Again, Tornado or Twisted, which are typically used for things you don't
want to proxy (though e.g., Nginx proxying might be okay when Apache
proxying isn't).


>  maybe process management parameters
>>
>
> For WSGI apps, it's transparent.  Each app server would have its own
> preference (e.g. mine will prefer FastCGI on-disk sockets) and the
> application will be blissfully unaware of that.


Yes, but for a daemon not.  A WSGI app should be able to require threaded
(single-process) or multiprocess (no threads), though most would work with
either.


>
>  ways to inspect the process itself (since *maybe* you can't send internal
>> HTTP requests into it), etc.
>>
>
> Interesting idea, not sure how that would be implemented or used, though.
>

Monitoring.


>  PHP! ;)
>>
>
> PHP can be deployed as a WSGI application.  :P
>
>
>  I'm not personally that happy with how App Engine does it, as an example
>> -- it requires a regex-based dispatch.
>>
>
> Regex dispatch is terrible.  (I've actually encountered Python's 56KiB
> regular expression size limit on one project!)  Simply exporting folders as
> "top level" webroots would be sufficient, methinks.

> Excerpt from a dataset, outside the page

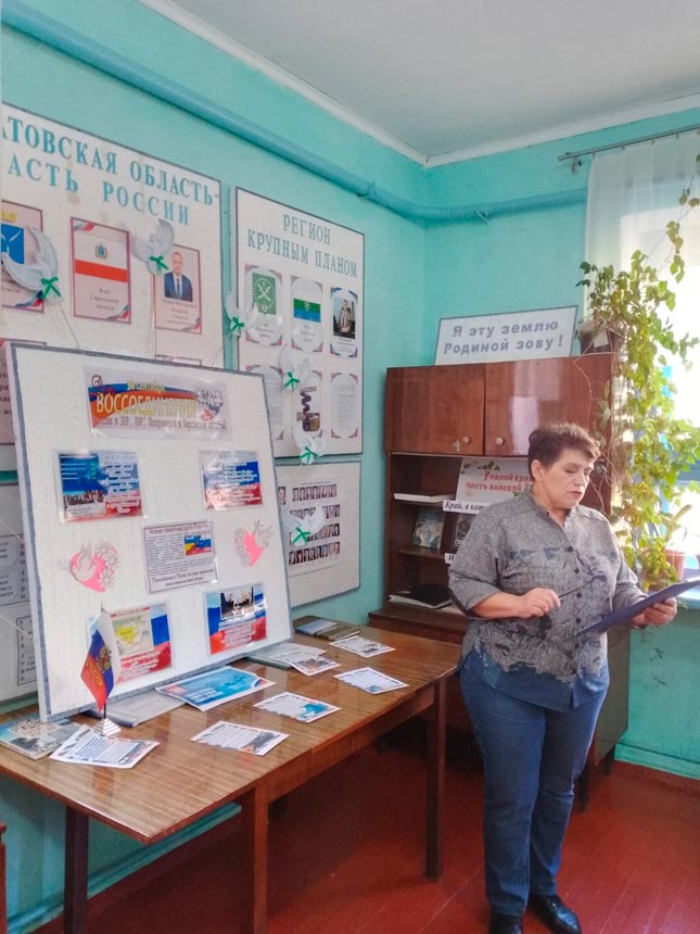 В рамках празднования этого события в Лопатинской сельской библиотеке был организован патриотический час под названием «Мы вместе! День воссоединения Донбасса и Новороссии с Россией».

Having / be a static file is also nice (good for Javascript/RPC-backend apps
too), but doesn't work well with webroots.

Silver Lining's writable-root service is fairly closely integrated with
static files.  The... name is weird now that I look at it.  But anyway, it's
a space where the app can write static files, and those static files get
preference.  I found it to be a nice feature to have available, but pretty
closely coupled with everything else.


>
>
>> Anything "string-like" or otherwise fancy requires more support libraries
>> for the application to actually be able to make use of the environment.
>> Maybe necessary, but it should be done with great reluctance IMHO.
>>
>
> I've had great success with string-likes in WebCore/Marrow and TurboMail
> for things like e-mail address lists, e-mail addresses, and URLs.


It's not that I don't think they could be useful or convenient *now*, but
how they develop over time -- this container format should aspire to be
stable and conservative fairly quickly, which means keeping things simple
and relying on applications to use support libraries if they want something
more convenient (not unlike WSGI).  Applications can then use and upgrade
these support libraries at their own convenience.

Services are in particular an issue, as each container will have to
reimplement much of the service code for its own.  Though maybe with good
abstract base classes it wouldn't be too hard.